An object of the same class as design. The data frame it contains (stored in its $variables slot) includes the smoothed weights columns and a column that flags the stratum jumpers. The name of the smoothed weights column is obtained by pasting the name of the initial weights column with the string ".smooth". Stratum jumpers are identified by a new (logical) column named is.jumper.

Methodological Remark

Smoothing survey weights is a model-based approach, see [Beaumont 08] (e.g.method = 'Beaumont' basically models the smoothed weights as a function of the current strata using a one-way ANOVA model plus constraints). Therefore Horvitz-Thompson-like estimators that use smoothed weights - instead of design weights - cannot be guaranteed to be design-unbiased. Of course, the need to smooth the weights arises precisely because the existence of stratum jumpers already signals a departure from the ideal conditions of design-based inference.
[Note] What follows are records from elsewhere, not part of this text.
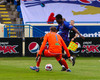 Sleppur einn í gegn og ég hreinlega veit ekki hvað hann ætlaði að gera. Hafði alla möguleika á að skjóta bara einn gegn Aroni en tekur boltann með sér og reynir að fara framhjá honum. Aron nær til boltans og ekkert verður úr.
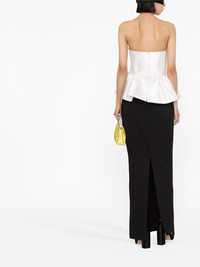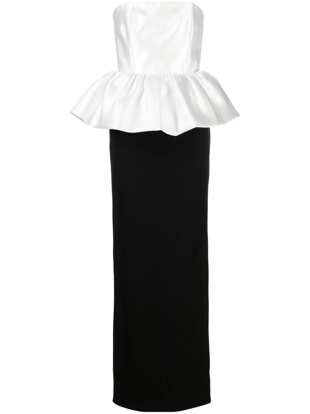 Maddison strapless dress Solace London's Maddison dress brings elegance and drama in its floor-length silhouette. Crafted in a monochromatic colour palette, the white satin body is differentiated from the straight skirt by a ruffled peplum waist which emphasises the striking contrast. Imported Composition Polyester 100% Lining: Polyester 95%, Elastane 5% SIZE & FIT Model measurements Height 5 ft 10 in(1.78 m) Bust/Chest 29.92 in(76 cm) Hips 34.64 in(88 cm) Waist 23.62 in(60 cm) FittingInformation This piece fits true to size. We recommend you get your regular size Cut for a slim fit Made with a mid-weight fabric Washing instructions Dry Clean Only
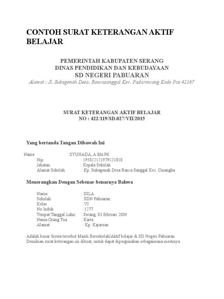 Contoh surat keterangan siswa aktif. Apa itu surat keterangan siswa. Salam library pendidikan surat keterangan siswa aktif ini merupakan surat yang menerangkan bahwa siswapeserta didik dimaksud memang benar benar siswa yang sekolah dalam artian terdaftar sampai sekarang. Mataram 17 maret 2009 an kepala sekolah wakasek kesiswaan wawan gunawan spd nip. Nah di awal tahun ajaran baru ini biasanya banyak orangtua siswa yang datang ke sekolah untuk minta dibuatkan surat keterangan siswa. Demikian surat keterangan ini di buat untuk dapat dipergunakan sebagaimana mestinya. Surat keterangan ini adalah surat resmi yang diterbitkan sekolah dan ditandatangani kepala sekolah.

As the design-unbiasedness of Horvitz-Thompson estimators in probability sampling rests on using design weights that are reciprocals of inclusion probabilities, smoothing methods that change the design weights the least appear preferable in a design-based perspective. For this reason, function smooth.strat.jump adopts the 'MinChange' method by default. One could, nonetheless, argue that the 'Beaumont' method could sometimes perform better (e.g. lead to more efficient estimates) from a model-based perspective.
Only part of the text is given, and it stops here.